Hopscotch to Christiania

 

Hopscotch to Christiania

Christiania made me feel brave because I came there cowed and disillusioned and the experience of it brought me to a more courageous state.

 

I hadn’t even wanted to be in Copenhagen. My boss had announced he had tickets for a “weekend trip” and couldn’t go so I said I’d take them off his hands. Before I had even thought about what a weekend trip to a country halfway across Europe entails, my name was on the bus tickets. That’s right. Bus. From Scotland to Copenhagen.

 

The reason I had the kind of boss who booked weekend trips by bus to Copenhagen was that we worked in a sustainability office and Copenhagen is a Mecca of eco-sustainability. Bikes, mainly.
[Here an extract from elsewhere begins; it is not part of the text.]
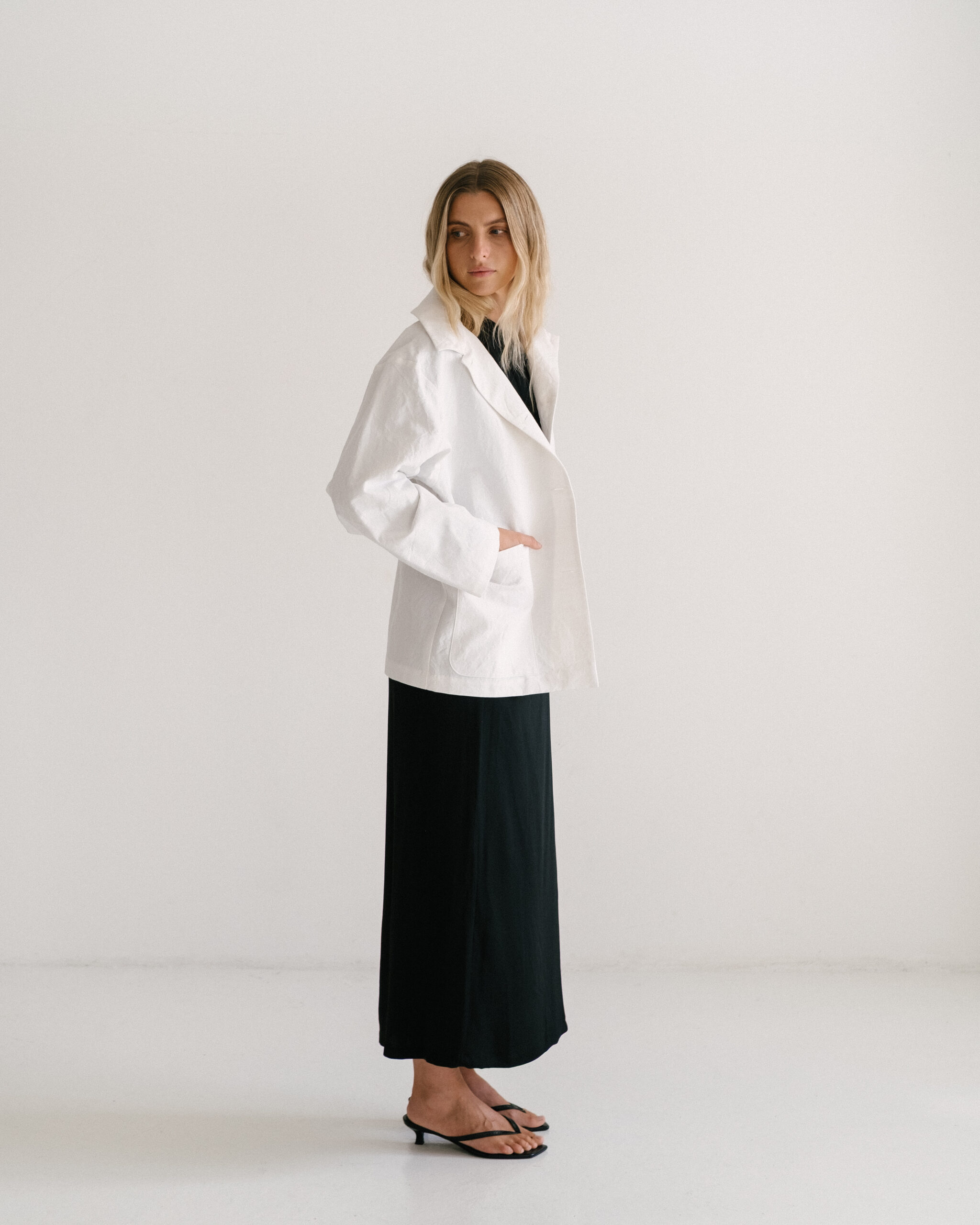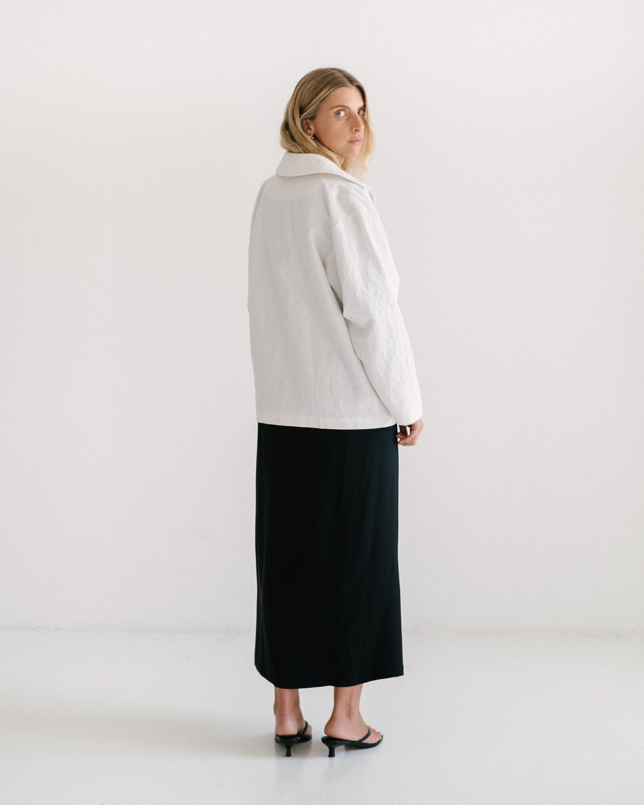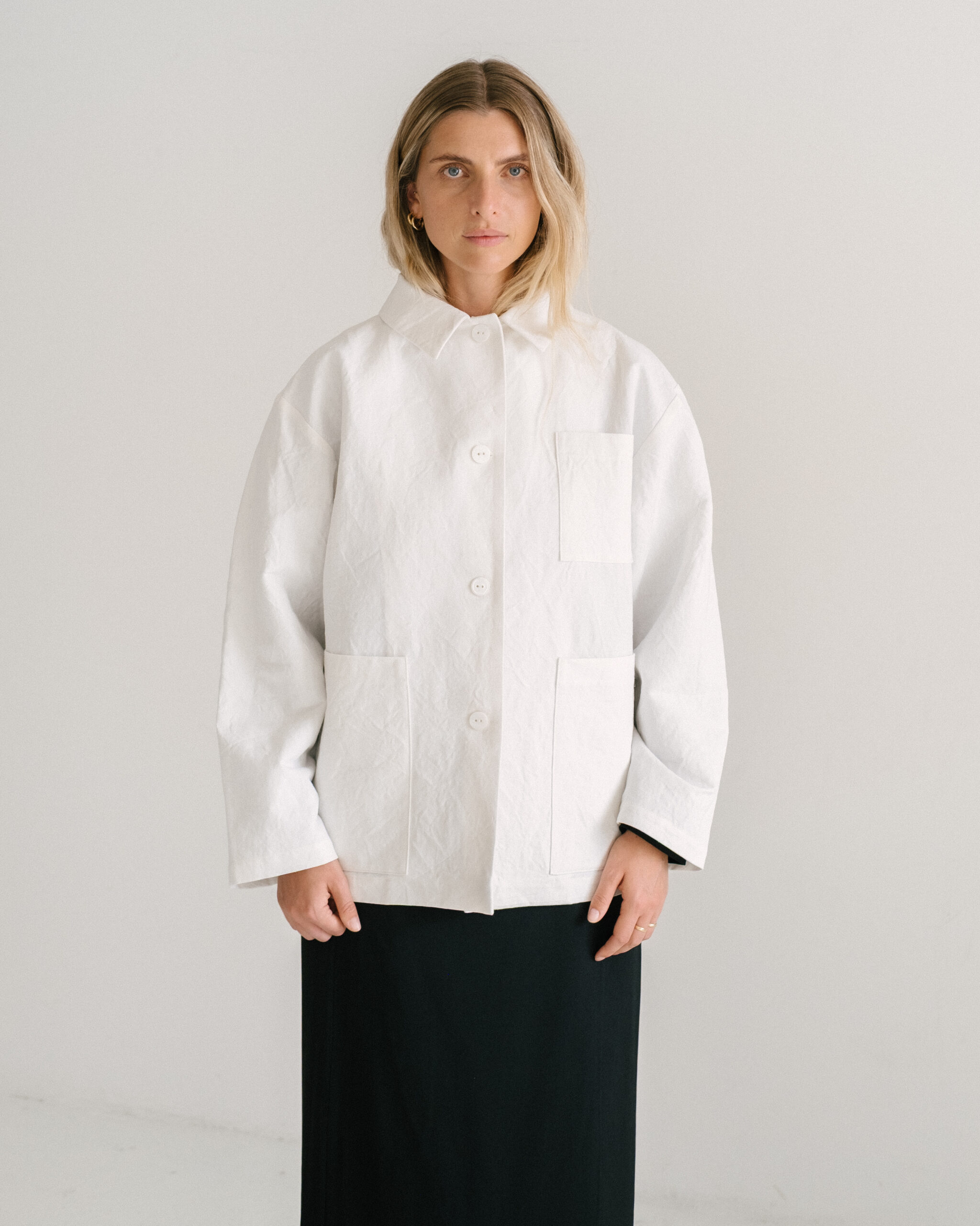 Die Leinenjacke mit Kragen, drei aufgesetzten Taschen und Oversize-Schnitt vereint zeitloses Design mit langlebiger Qualität. Sie besteht aus hochwertigem Schweizer Leinen, wodurch jede Jacke ein einzigartiges Unikat wird. Die Jacke überzeugt durch ihre Vielseitigkeit: Sie passt zu Hosen, Röcken oder Kleidern und verleiht jedem Outfit einen modernen, eleganten Look. Ihr Oversize-Schnitt sorgt für Komfort und Bewegungsfreiheit. 100 % Swiss Made und 100 % kompostierbar – inklusive Knöpfe und Etiketten – vereint diese Jacke Nachhaltigkeit, Qualität und Design.

But I didn’t need sustainability – that cold, unyielding goal, to warm my struggling and weary sense of purpose that winter time. Some bright spark of hope, rather.

 

Copenhagen itself struck me as dull and classic. It used to thrill me to be in a new European city; the old town, the civic buildings, the history. Entering another door into the great hall of European history. Now the truth seemed all too clear to me: they’re all the same.  So I left the cobbled main square (does it have cobbles? Probably, they normally do) and went wandering.

 

I sort of knew of Christiania before but I had not intended to find it. In my memory the bridge I crossed to get there was miniscule, more like a half jump, a hopscotch, into a better world. And I stayed in that better world for the rest of my trip

Christiania seemed constructed from sheer magic within the real, brickstock city of Copenhagen. It was winter but there was a political discussion event that weekend. Speakers and questions on home-made stages. Open smoky fires and bright tents and people sat out talking, planning, debating. I met a man named Erik who had lived there for the last few decades, claiming not to have left the tiny island. He had met a beautiful woman and „made three babies there“. He grinned, nodding at one of them, dirty blond haired like himself, fast asleep in the wheelbarrow which Erik pushed him round his hometown on.

 

Far from slick, professional Copenhagen people handed out soup on a donation basis, shared along with political banter and discussion on all themes but with a strength of common sense behind them: nobody here was theorising from their townhouse bedroom. Every issue they discussed was real – dealing with the hard drifters – drunks, aggressives and those poor souls with serious mental problems which are always drawn to alternative sites. Dealing with the police and the impossibility of a town which makes its own rules, based on its own values. And dealing with toilet waste.

 

Christiania’s bars made me feel brave in that they were dirty and scummy but real chat happened there. I didn’t mind the feeling that a lot of the people were stoned off their heads because it wasn’t the same as at home where you had to ignore them, shut off their presence to continue your good time. Here, as ever, it was awkward to be interrupted by slurry speech and mad chat. But because it was allowed I had the feeling that I could use my words and questions to talk softly, inquisitively with people who would normally scare me. If something went wrong the consequences wouldn’t be police and shame on me for mixing with the wrong types and putting myself in danger, irresponsibly. The community here has been struggling with the treatment of society’s outsiders for all its existence, indeed has in large part defined itself in this struggle.

 

Walking through Christiania made me feel brave because the buildings were oddly real, crafted by inspiration and inventiveness, not a planning manual. The houses and constructions were functional and humorous, the working of their compost toilets and recycled glass facades open for all to see. The residents, also open and humorous, would eye you eyeing their ramshackle masterpieces amusedly, not from smugness or pride but betraying the big secret that that’s all there is to it: build it, love it, live in it. Their ease and rootedness seemed a gently mocking prod at us gaping wanderers, asking why we made it all so difficult where we were from.

 

I was lucky to spend only three days in Christiania and I didn’t have time to let the bad sides arise and become wearying, saddening, like anywhere. But returning home to a very abstract fight for ”sustainability, I  was given courage, for many months after by people who fight for what is already all around them, a place they return to each night, and to their kids sleeping peacefully in wheelbarrows in it.